*Record set*
....

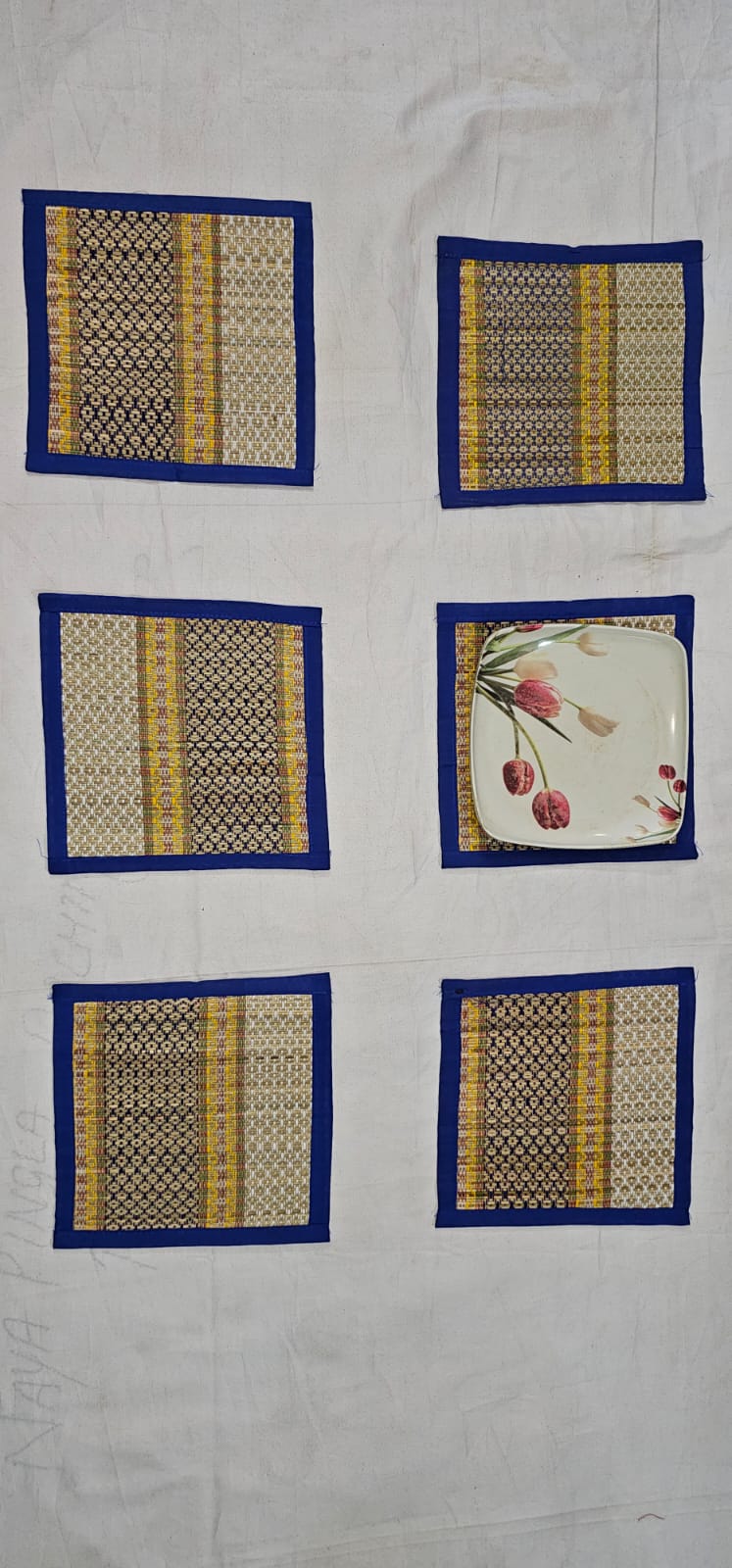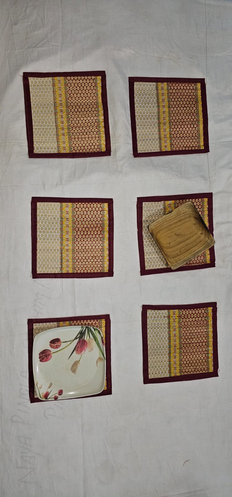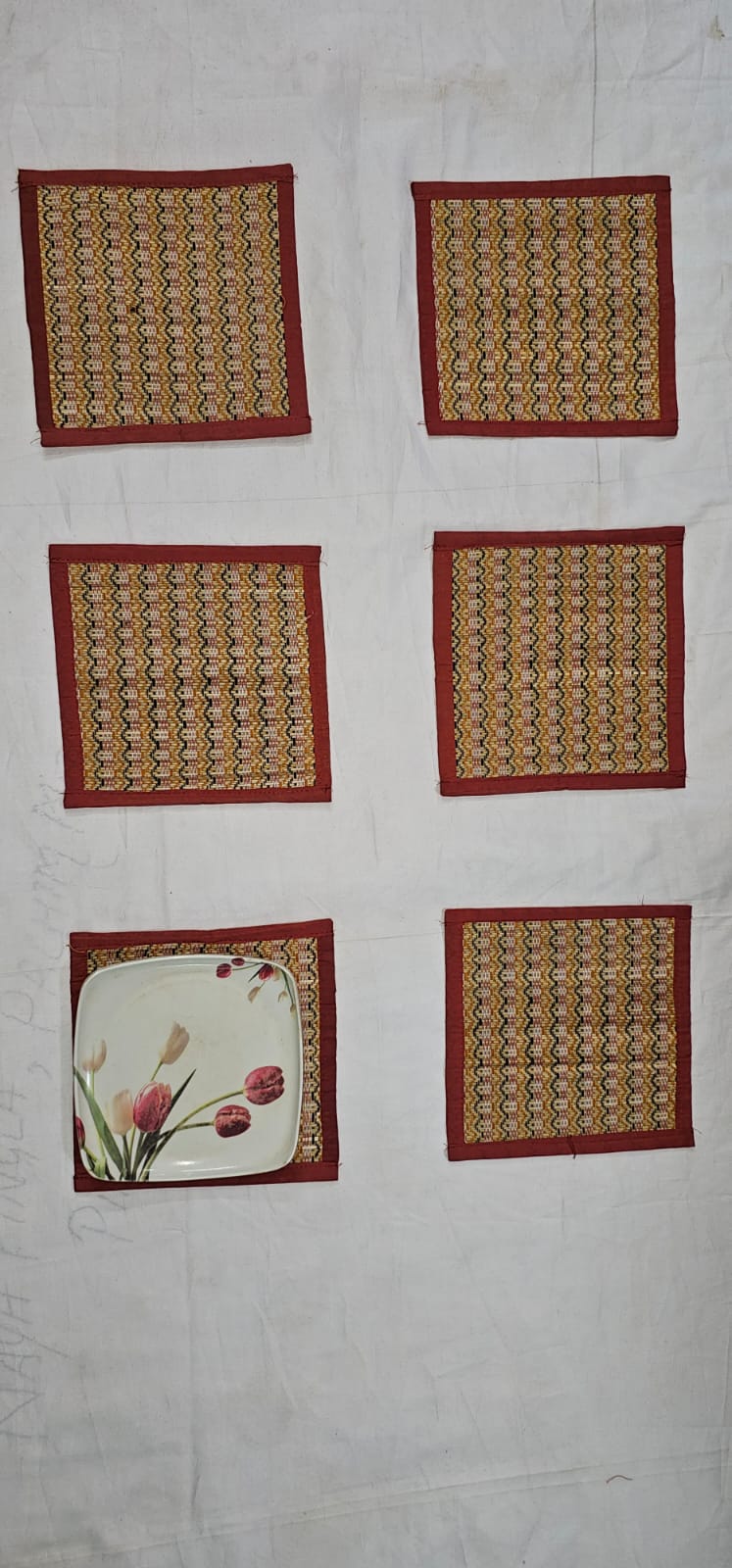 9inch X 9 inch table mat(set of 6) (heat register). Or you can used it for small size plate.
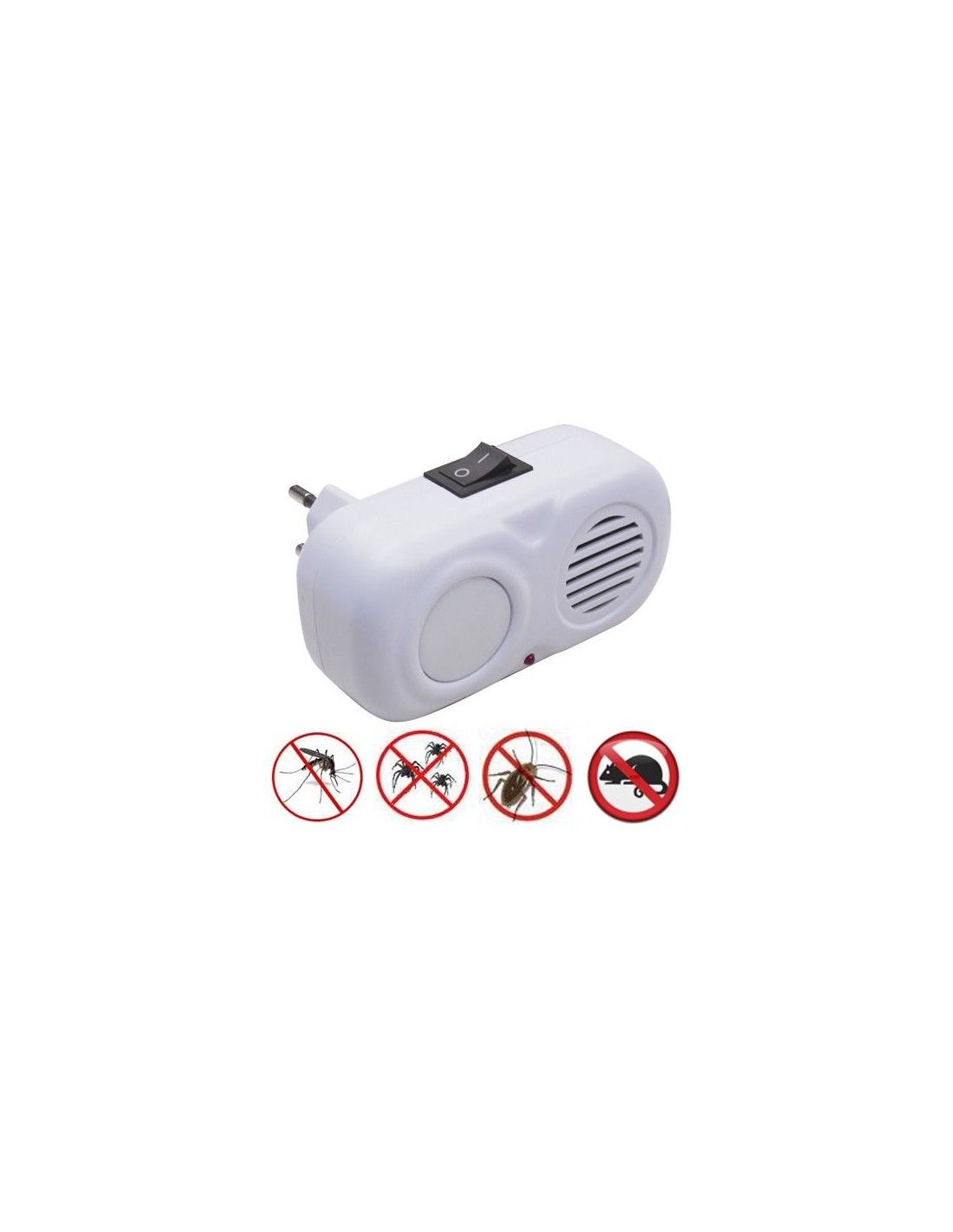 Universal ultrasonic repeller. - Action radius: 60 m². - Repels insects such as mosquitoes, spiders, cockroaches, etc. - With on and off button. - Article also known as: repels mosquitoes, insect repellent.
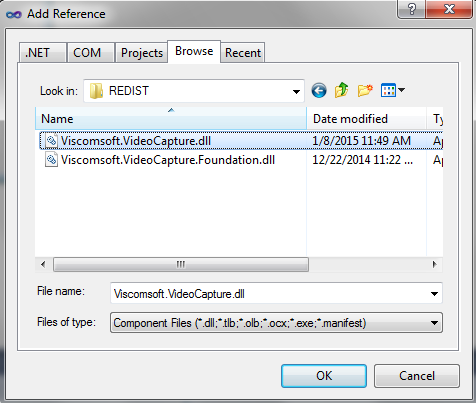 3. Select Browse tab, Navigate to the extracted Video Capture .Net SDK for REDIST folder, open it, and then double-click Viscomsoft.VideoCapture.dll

....

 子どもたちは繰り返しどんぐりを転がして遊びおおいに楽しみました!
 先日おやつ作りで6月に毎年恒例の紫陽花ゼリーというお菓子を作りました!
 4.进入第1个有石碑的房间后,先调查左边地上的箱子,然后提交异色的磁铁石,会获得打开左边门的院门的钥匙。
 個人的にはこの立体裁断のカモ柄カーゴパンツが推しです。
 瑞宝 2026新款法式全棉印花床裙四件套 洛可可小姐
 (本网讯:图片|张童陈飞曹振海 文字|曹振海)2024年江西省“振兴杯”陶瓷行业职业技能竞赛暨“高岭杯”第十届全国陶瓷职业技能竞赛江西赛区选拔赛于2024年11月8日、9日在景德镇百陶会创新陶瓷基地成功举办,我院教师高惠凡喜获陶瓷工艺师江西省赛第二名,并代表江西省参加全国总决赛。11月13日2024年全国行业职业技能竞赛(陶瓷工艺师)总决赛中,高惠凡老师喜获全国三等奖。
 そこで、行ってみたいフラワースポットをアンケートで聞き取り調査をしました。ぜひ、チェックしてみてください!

....

Output exactly the lines above that lie between the line with "9inch X 9 inch" and the line with "3. Select Browse", those two lines included, and no pictures.

*Written answer*
 9inch X 9 inch table mat(set of 6) (heat register). Or you can used it for small size plate.
 Universal ultrasonic repeller. - Action radius: 60 m². - Repels insects such as mosquitoes, spiders, cockroaches, etc. - With on and off button. - Article also known as: repels mosquitoes, insect repellent.
 3. Select Browse tab, Navigate to the extracted Video Capture .Net SDK for REDIST folder, open it, and then double-click Viscomsoft.VideoCapture.dll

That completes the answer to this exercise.